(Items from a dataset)
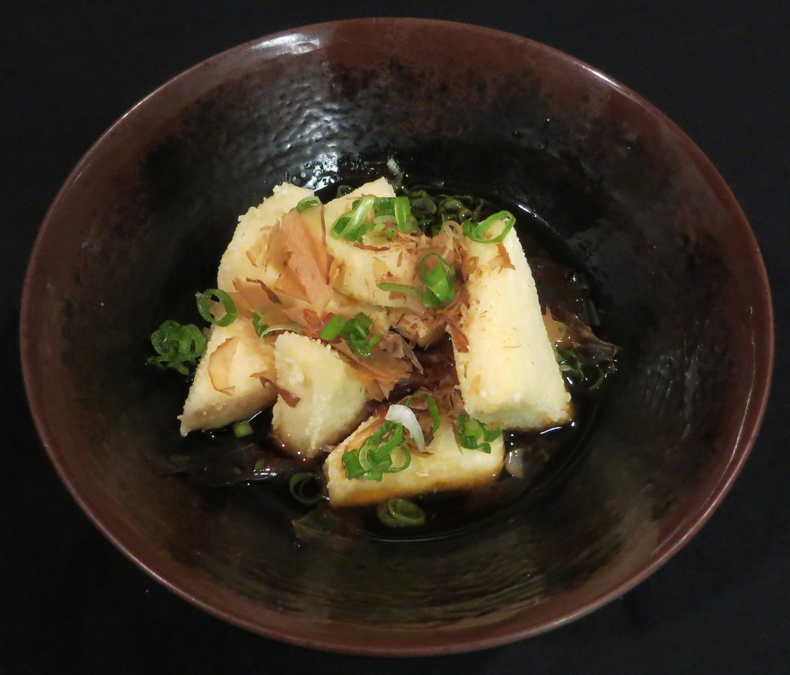 Lightly fried tofu slices with bonito flakes, green onion and our savory tempura sauce
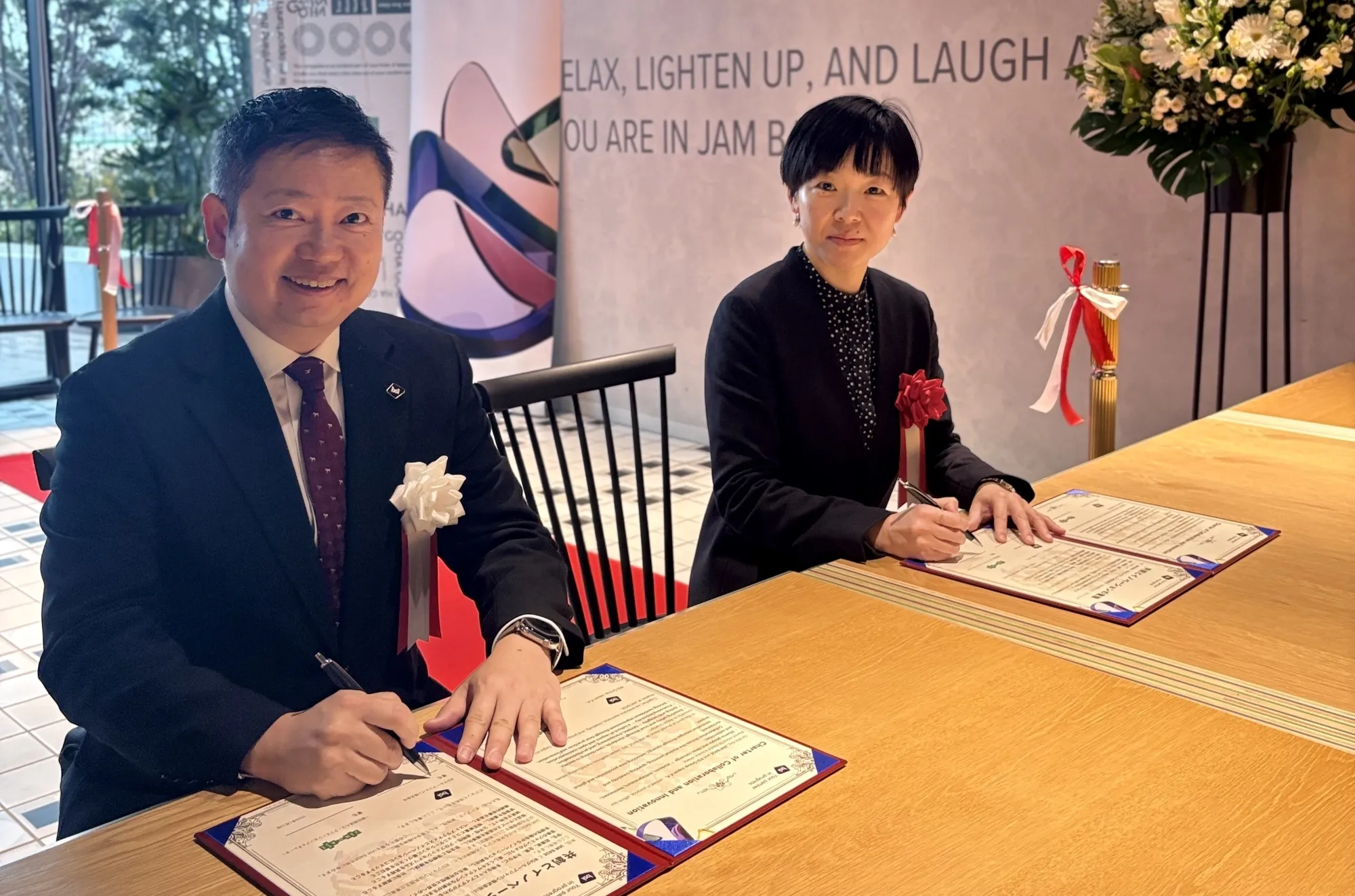 調印式写真(2) 写真右からJAM BASE運営管理 一社)コ・クリエーションジェネレーター 事業統括次長 岡村 由里子様 BSIジャパン 代表取締役社長 漆原 将樹
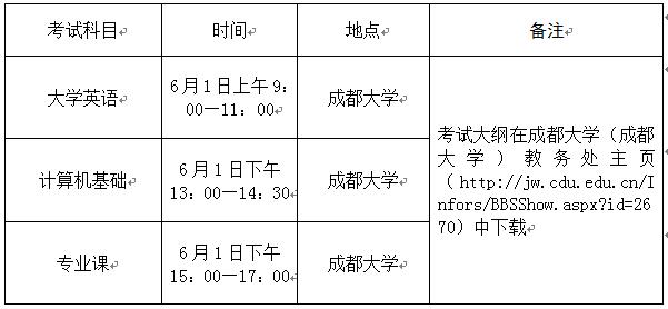 所有通过学院审核而被推荐“专升本”的学生,必须参加成都大学组织的“专升本”选拔考试。具体安排如下:
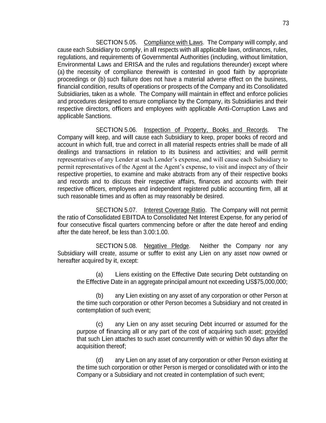 73 SECTION 5.05. Compliance with Laws. The Company will comply, and cause each Subsidiary to comply, in all respects with all applicable laws, ordinances, rules, regulations, and requirements of Governmental Authorities (including, without limitation, Environmental Laws and ERISA and the rules and regulations thereunder) except where (a) the necessity of compliance therewith is contested in good faith by appropriate proceedings or (b) such failure does not have a material adverse effect on the business, financial condition, results of operations or prospects of the Company and its Consolidated Subsidiaries, taken as a whole. The Company will maintain in effect and enforce policies and procedures designed to ensure compliance by the Company, its Subsidiaries and their respective directors, officers and employees with applicable Anti-Corruption Laws and applicable Sanctions. SECTION 5.06. Inspection of Property, Books and Records. The Company will keep, and will cause each Subsidiary to keep, proper books of record and account in which full, true and correct in all material respects entries shall be made of all dealings and transactions in relation to its business and activities; and will permit representatives of any Lender at such Lender’s expense, and will cause each Subsidiary to permit representatives of the Agent at the Agent’s expense, to visit and inspect any of their respective properties, to examine and make abstracts from any of their respective books and records and to discuss their respective affairs, finances and accounts with their respective officers, employees and independent registered public accounting firm, all at such reasonable times and as often as may reasonably be desired. SECTION 5.07. Interest Coverage Ratio. The Company will not permit the ratio of Consolidated EBITDA to Consolidated Net Interest Expense, for any period of four consecutive fiscal quarters commencing before or after the date hereof and ending after the date hereof, be less than 3.00:1.00. SECTION 5.08. Negative Pledge. Neither the Company nor any Subsidiary will create, assume or suffer to exist any Lien on any asset now owned or hereafter acquired by it, except: (a) Liens existing on the Effective Date securing Debt outstanding on the Effective Date in an aggregate principal amount not exceeding US$75,000,000; (b) any Lien existing on any asset of any corporation or other Person at the time such corporation or other Person becomes a Subsidiary and not created in contemplation of such event; (c) any Lien on any asset securing Debt incurred or assumed for the purpose of financing all or any part of the cost of acquiring such asset; provided that such Lien attaches to such asset concurrently with or within 90 days after the acquisition thereof; (d) any Lien on any asset of any corporation or other Person existing at the time such corporation or other Person is merged or consolidated with or into the Company or a Subsidiary and not created in contemplation of such event;
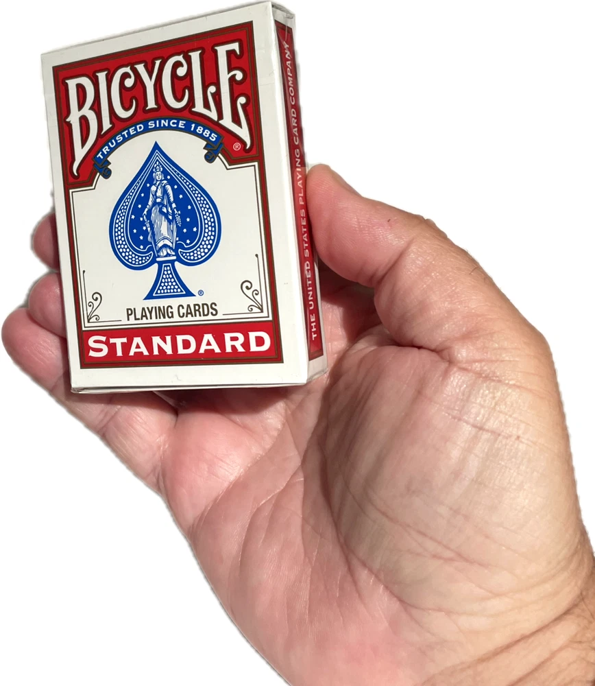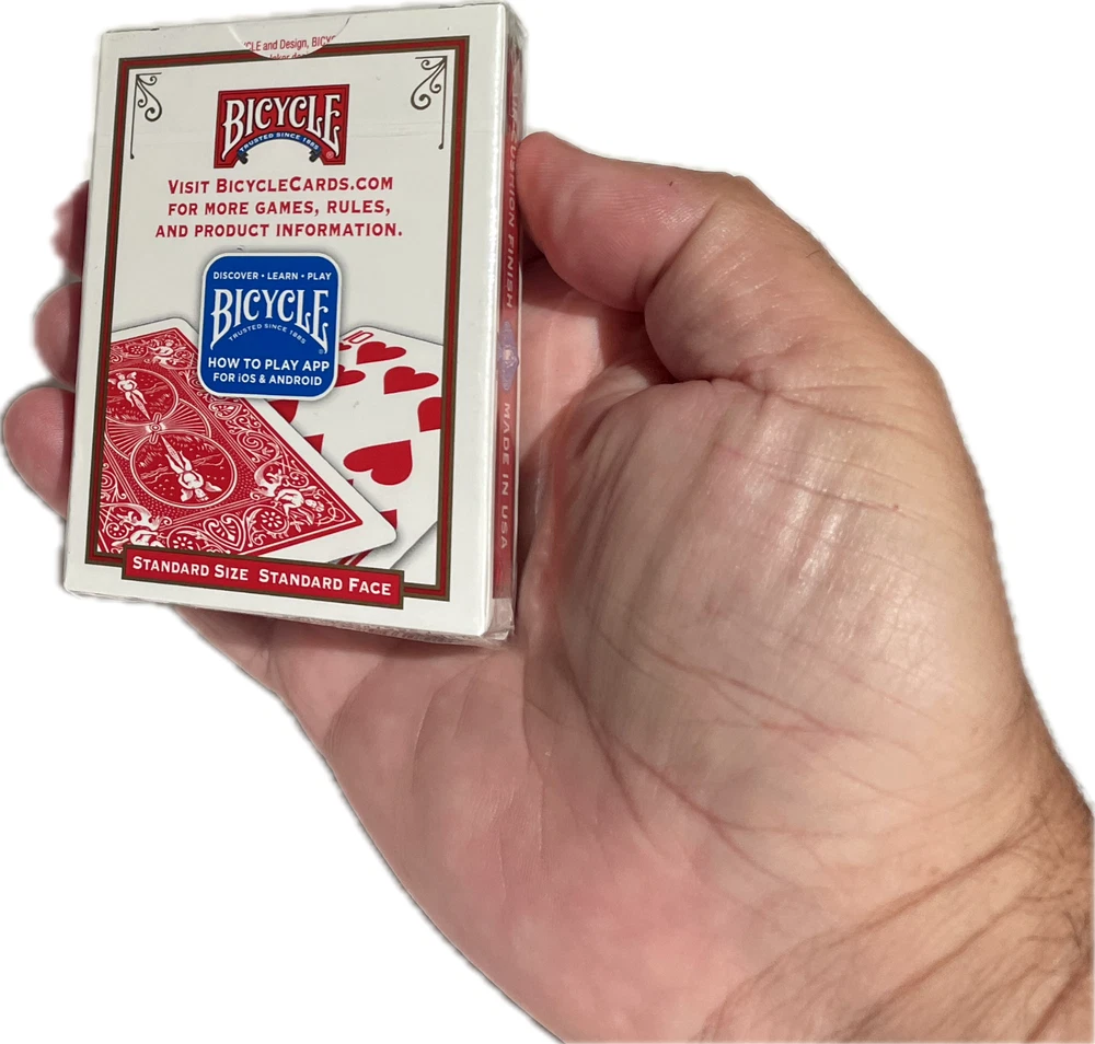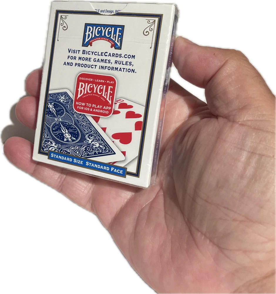 New Bicycle Double Faced Poker Deck! BEST PRICE ON EBAY! These double faced poker size decks are great for making up your own effects. SALE IS FOR ONE DECK. Double Face Gaff Deck Bicycle Factory Sealed Poker Size A regular bicycle deck with assorted face side on both sides. Most cards have different card values on each side and some have the same card value on both sides of the card and some are blank on one side. *This deck is factory sealed from the US Playing Card Company * 56 Card Deck * Box color varies WOW FREE SHIPPING! Robb. D - 5

WHAT TO PRODUCE.
Drop the images; copy every entry above exactly.

THE ANSWER.
 Lightly fried tofu slices with bonito flakes, green onion and our savory tempura sauce
 調印式写真(2) 写真右からJAM BASE運営管理 一社)コ・クリエーションジェネレーター 事業統括次長 岡村 由里子様 BSIジャパン 代表取締役社長 漆原 将樹
 所有通过学院审核而被推荐“专升本”的学生,必须参加成都大学组织的“专升本”选拔考试。具体安排如下:
 73 SECTION 5.05. Compliance with Laws. The Company will comply, and cause each Subsidiary to comply, in all respects with all applicable laws, ordinances, rules, regulations, and requirements of Governmental Authorities (including, without limitation, Environmental Laws and ERISA and the rules and regulations thereunder) except where (a) the necessity of compliance therewith is contested in good faith by appropriate proceedings or (b) such failure does not have a material adverse effect on the business, financial condition, results of operations or prospects of the Company and its Consolidated Subsidiaries, taken as a whole. The Company will maintain in effect and enforce policies and procedures designed to ensure compliance by the Company, its Subsidiaries and their respective directors, officers and employees with applicable Anti-Corruption Laws and applicable Sanctions. SECTION 5.06. Inspection of Property, Books and Records. The Company will keep, and will cause each Subsidiary to keep, proper books of record and account in which full, true and correct in all material respects entries shall be made of all dealings and transactions in relation to its business and activities; and will permit representatives of any Lender at such Lender’s expense, and will cause each Subsidiary to permit representatives of the Agent at the Agent’s expense, to visit and inspect any of their respective properties, to examine and make abstracts from any of their respective books and records and to discuss their respective affairs, finances and accounts with their respective officers, employees and independent registered public accounting firm, all at such reasonable times and as often as may reasonably be desired. SECTION 5.07. Interest Coverage Ratio. The Company will not permit the ratio of Consolidated EBITDA to Consolidated Net Interest Expense, for any period of four consecutive fiscal quarters commencing before or after the date hereof and ending after the date hereof, be less than 3.00:1.00. SECTION 5.08. Negative Pledge. Neither the Company nor any Subsidiary will create, assume or suffer to exist any Lien on any asset now owned or hereafter acquired by it, except: (a) Liens existing on the Effective Date securing Debt outstanding on the Effective Date in an aggregate principal amount not exceeding US$75,000,000; (b) any Lien existing on any asset of any corporation or other Person at the time such corporation or other Person becomes a Subsidiary and not created in contemplation of such event; (c) any Lien on any asset securing Debt incurred or assumed for the purpose of financing all or any part of the cost of acquiring such asset; provided that such Lien attaches to such asset concurrently with or within 90 days after the acquisition thereof; (d) any Lien on any asset of any corporation or other Person existing at the time such corporation or other Person is merged or consolidated with or into the Company or a Subsidiary and not created in contemplation of such event;
 New Bicycle Double Faced Poker Deck! BEST PRICE ON EBAY! These double faced poker size decks are great for making up your own effects. SALE IS FOR ONE DECK. Double Face Gaff Deck Bicycle Factory Sealed Poker Size A regular bicycle deck with assorted face side on both sides. Most cards have different card values on each side and some have the same card value on both sides of the card and some are blank on one side. *This deck is factory sealed from the US Playing Card Company * 56 Card Deck * Box color varies WOW FREE SHIPPING! Robb. D - 5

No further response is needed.